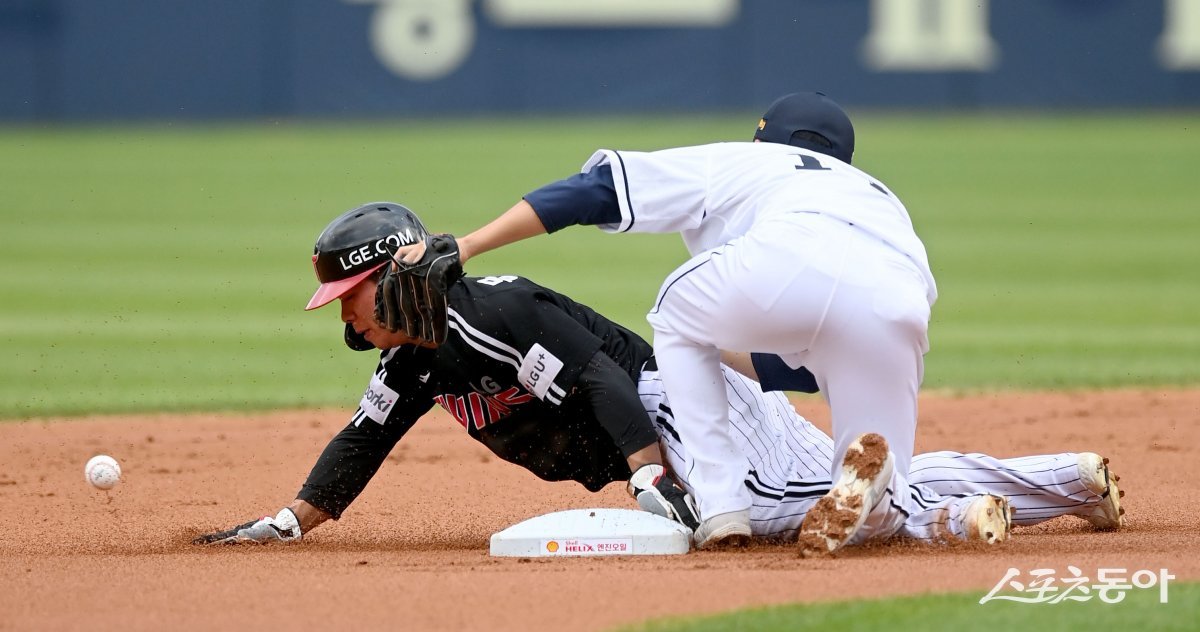 30일 서울 잠실야구장에서 ‘2023 신한은행 SOL KBO리그’ LG 트윈스와 두산 베어스 경기가 열렸다. 1회초 1사 1루 LG 문성주가 2루 도루에 성공하고 있다.
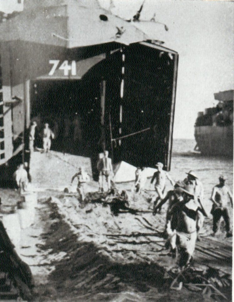 62k | USS LST-741 beached at Morotai, Halmahera Islands, Netherlands East Indies, 18 September 1944 while Royal Australian Air Force troops from No. 14 Airfield Construction Squadron disembark. Australian War Memorial photo # OC1641 |
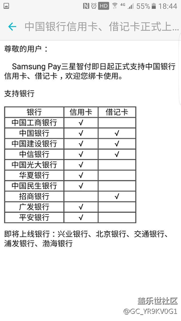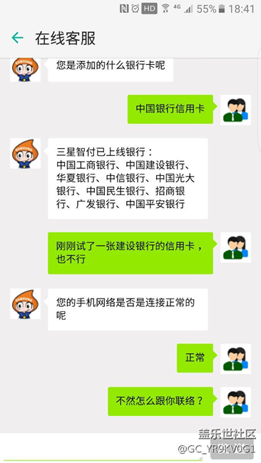 剛剛聯(lián)系三星在線客服,當(dāng)我反映添加中國銀行信用卡數(shù)據(jù)加密失敗后,對方發(fā)給我智付支持銀行范圍,里面沒有中國銀行。隨后,我馬上又試了一張建設(shè)銀行的信用卡,同樣加密失敗,對方無法自圓其說,讓我撥打客服電話。對話結(jié)束后,我查了一下智付app內(nèi)支持銀行的公告,里面第一個(gè)就是中國銀行的,我只想問,三星客服是用來解決問題的呢,還是推卸責(zé)任的?話不多說,有圖為證。
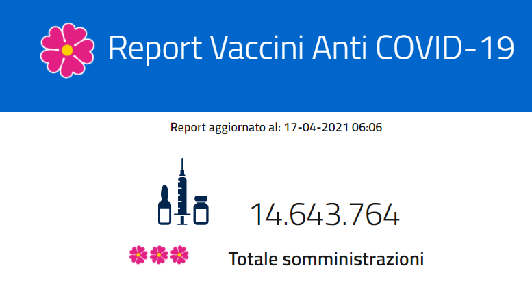 Venerdì 16 aprile è stata la giornata record per la sommnistrazione di vaccini in Italia con il maggior numero di dosi inoculate in 24 ore dall’inizio della campagna vaccinale: 347.279, secondo quanto riferito dalla struttura commissariale all’emergenza Covid. In tutto, secondo il report del ministero della Salute, sono 14.643.764 le dosi di vaccino somministrate in Italia fino ad ora, pari all’ 84,5% delle dosi consegnate (15.575.830). 4.332.143 i cittadini che hanno ricevuto due dosi. La Lombardia è la regione che ha ricevuto e somministrato il maggior numero di dosi con 2.307.182 dosi inoculate su 2.821.730 vaccini ricevuti (81,8%). Seguono il Lazio con 1.444.762 dosi inoculate sul 1.700.910 ricevute (85,1%) e l’Emilia Romagna che ha ricevuto 1.418.080 vaccini e ne ha somministrati 1.245.314 (87,8%). La Regione più virtuosa è il Veneto con 1.268.235 dosi ricevute e 1.411.840 inoculte, pari all’89,8%.
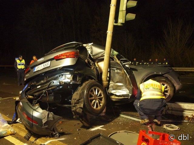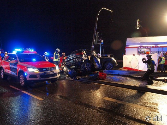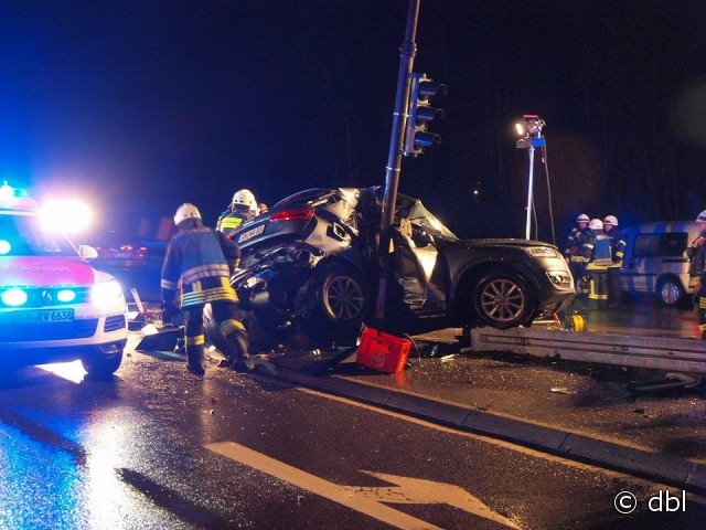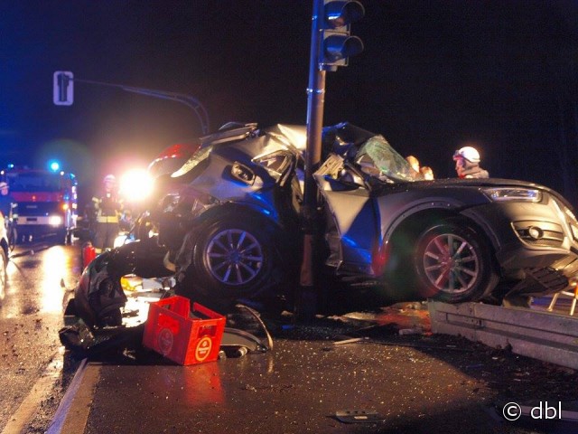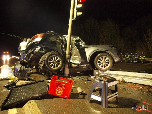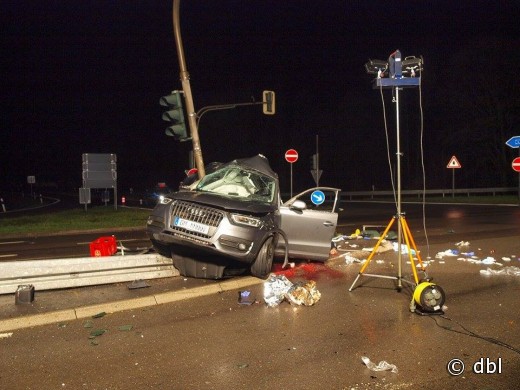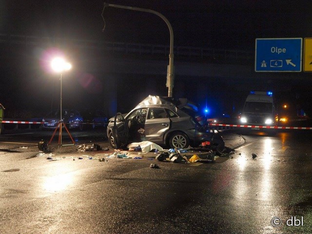 Wiehl - aktualisiert - Bei einem schweren Verkehrsunfall ist am auf der B 56 bei Wiehl ein Autofahrer (31) ums Leben gekommen. Sein Beifahrer (20) wurde lebensgefährlich verletzt. Der 31-Jährige befuhr kurz vor 21 Uhr mit seinem Audi Q 3 die B 56 von Gummersbach kommend in Richtung Wiehl. In Höhe der Anschlussstelle zur BAB 4 verlor der Fahrer die Kontrolle über sein Fahrzeug. Der SUV schleuderte nach links und prallte mit der rechten Fahrzeugseite gegen einen am Mittelstreifen stehenden Ampelmast.
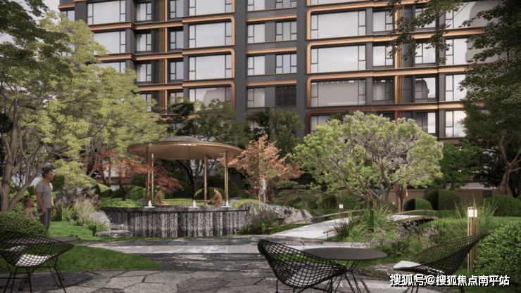 溯源传统文化,以兰亭修禊图曲水流觞为范本,共同绘制出一副天人合一,具有东方雅趣的山水画卷。大区营造以东方视角结合现代美学,注天地于一壶,将天地浓缩在园林中,让有厚度的文化之美赋予景观恒久的生命力。
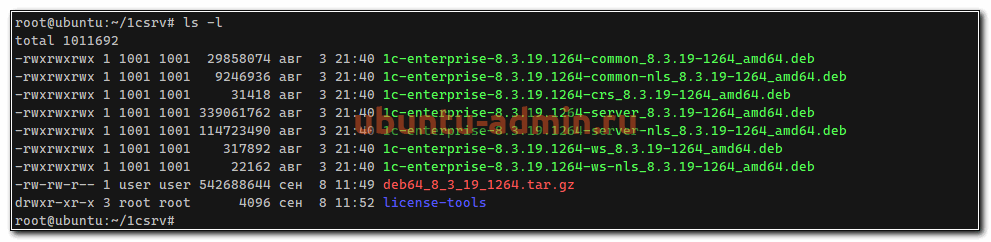 sudo dpkg -i 1c-enterprise-8.3.19.1264-common_8.3.19-1264_amd64.deb 1c-enterprise-8.3.19.1264-server_8.3.19-1264_amd64.deb 1c-enterprise-8.3.19.1264-ws_8.3.19-1264_amd64.deb
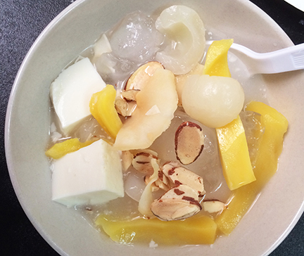 -Cho thạch khúc bạch vào chén + chan nước đường và trái cây đã nấu vào + cho đá bào nhuyễn vào + almond slices + coco nut chips.
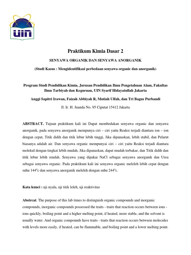 Kimia Organik Dan Anorganik 1 Hadiid Hadiid Academia Edu
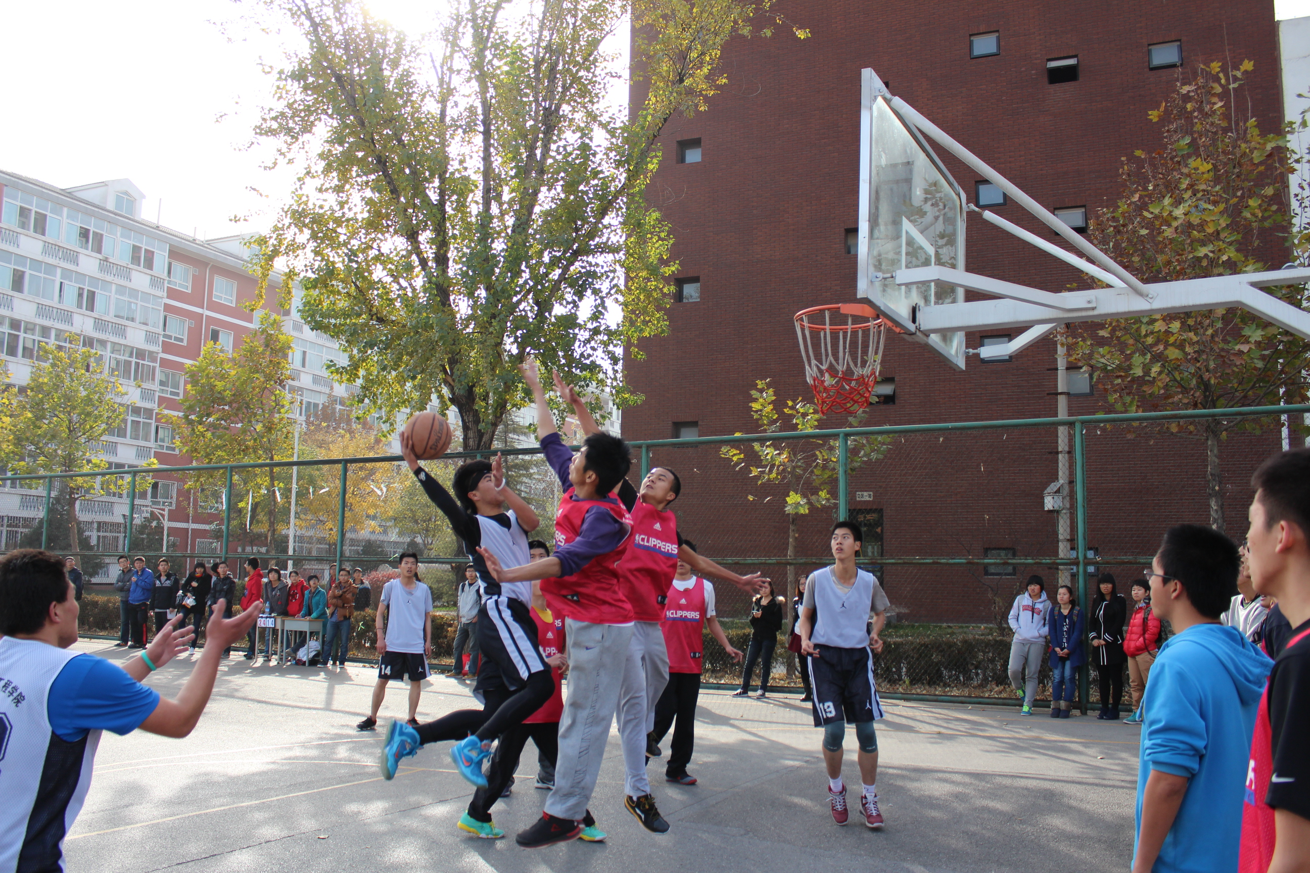 此次“新生杯”决赛采用三局两胜赛制,比赛分别于11月14日、15日、18日和20日中午在我校篮球场举行,每场比赛的竞争都异常激烈,观众的热情也十分高涨。
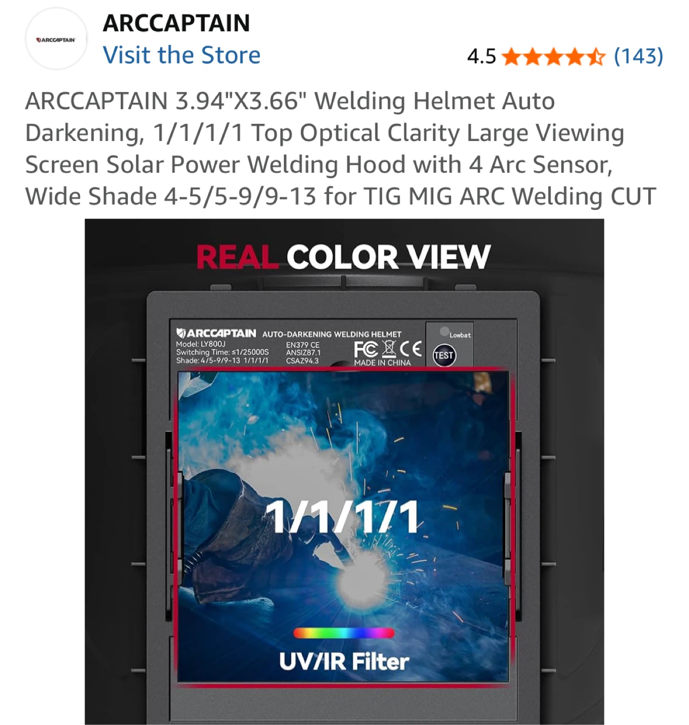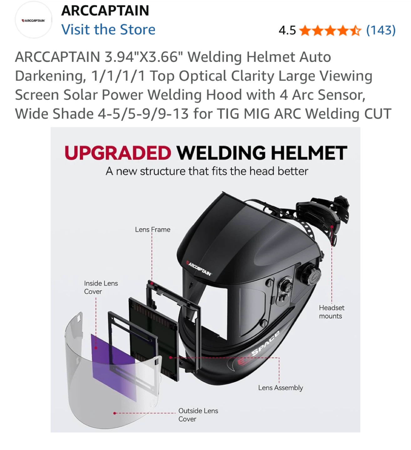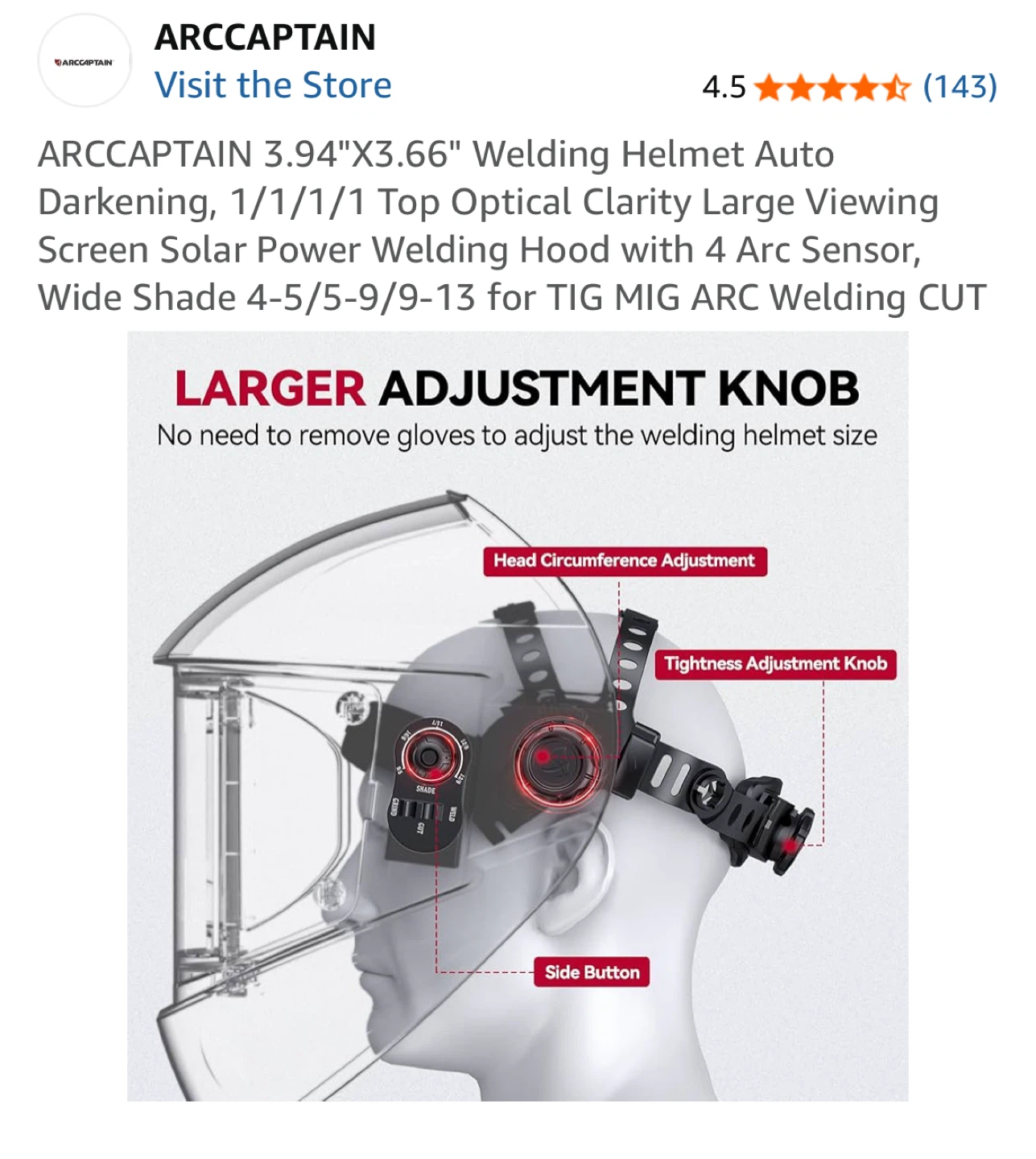 ARCCAPTAIN Auto Darkening Welding Helmet
══════
▸ Work item
The material above is to be transcribed exactly, with its images omitted.

▸ Solution to this task
 30일 서울 잠실야구장에서 ‘2023 신한은행 SOL KBO리그’ LG 트윈스와 두산 베어스 경기가 열렸다. 1회초 1사 1루 LG 문성주가 2루 도루에 성공하고 있다.
 62k | USS LST-741 beached at Morotai, Halmahera Islands, Netherlands East Indies, 18 September 1944 while Royal Australian Air Force troops from No. 14 Airfield Construction Squadron disembark. Australian War Memorial photo # OC1641 |
 剛剛聯(lián)系三星在線客服,當(dāng)我反映添加中國銀行信用卡數(shù)據(jù)加密失敗后,對方發(fā)給我智付支持銀行范圍,里面沒有中國銀行。隨后,我馬上又試了一張建設(shè)銀行的信用卡,同樣加密失敗,對方無法自圓其說,讓我撥打客服電話。對話結(jié)束后,我查了一下智付app內(nèi)支持銀行的公告,里面第一個(gè)就是中國銀行的,我只想問,三星客服是用來解決問題的呢,還是推卸責(zé)任的?話不多說,有圖為證。
 Venerdì 16 aprile è stata la giornata record per la sommnistrazione di vaccini in Italia con il maggior numero di dosi inoculate in 24 ore dall’inizio della campagna vaccinale: 347.279, secondo quanto riferito dalla struttura commissariale all’emergenza Covid. In tutto, secondo il report del ministero della Salute, sono 14.643.764 le dosi di vaccino somministrate in Italia fino ad ora, pari all’ 84,5% delle dosi consegnate (15.575.830). 4.332.143 i cittadini che hanno ricevuto due dosi. La Lombardia è la regione che ha ricevuto e somministrato il maggior numero di dosi con 2.307.182 dosi inoculate su 2.821.730 vaccini ricevuti (81,8%). Seguono il Lazio con 1.444.762 dosi inoculate sul 1.700.910 ricevute (85,1%) e l’Emilia Romagna che ha ricevuto 1.418.080 vaccini e ne ha somministrati 1.245.314 (87,8%). La Regione più virtuosa è il Veneto con 1.268.235 dosi ricevute e 1.411.840 inoculte, pari all’89,8%.
 Wiehl - aktualisiert - Bei einem schweren Verkehrsunfall ist am auf der B 56 bei Wiehl ein Autofahrer (31) ums Leben gekommen. Sein Beifahrer (20) wurde lebensgefährlich verletzt. Der 31-Jährige befuhr kurz vor 21 Uhr mit seinem Audi Q 3 die B 56 von Gummersbach kommend in Richtung Wiehl. In Höhe der Anschlussstelle zur BAB 4 verlor der Fahrer die Kontrolle über sein Fahrzeug. Der SUV schleuderte nach links und prallte mit der rechten Fahrzeugseite gegen einen am Mittelstreifen stehenden Ampelmast.
 溯源传统文化,以兰亭修禊图曲水流觞为范本,共同绘制出一副天人合一,具有东方雅趣的山水画卷。大区营造以东方视角结合现代美学,注天地于一壶,将天地浓缩在园林中,让有厚度的文化之美赋予景观恒久的生命力。
 sudo dpkg -i 1c-enterprise-8.3.19.1264-common_8.3.19-1264_amd64.deb 1c-enterprise-8.3.19.1264-server_8.3.19-1264_amd64.deb 1c-enterprise-8.3.19.1264-ws_8.3.19-1264_amd64.deb
 -Cho thạch khúc bạch vào chén + chan nước đường và trái cây đã nấu vào + cho đá bào nhuyễn vào + almond slices + coco nut chips.
 Kimia Organik Dan Anorganik 1 Hadiid Hadiid Academia Edu
 此次“新生杯”决赛采用三局两胜赛制,比赛分别于11月14日、15日、18日和20日中午在我校篮球场举行,每场比赛的竞争都异常激烈,观众的热情也十分高涨。
 ARCCAPTAIN Auto Darkening Welding Helmet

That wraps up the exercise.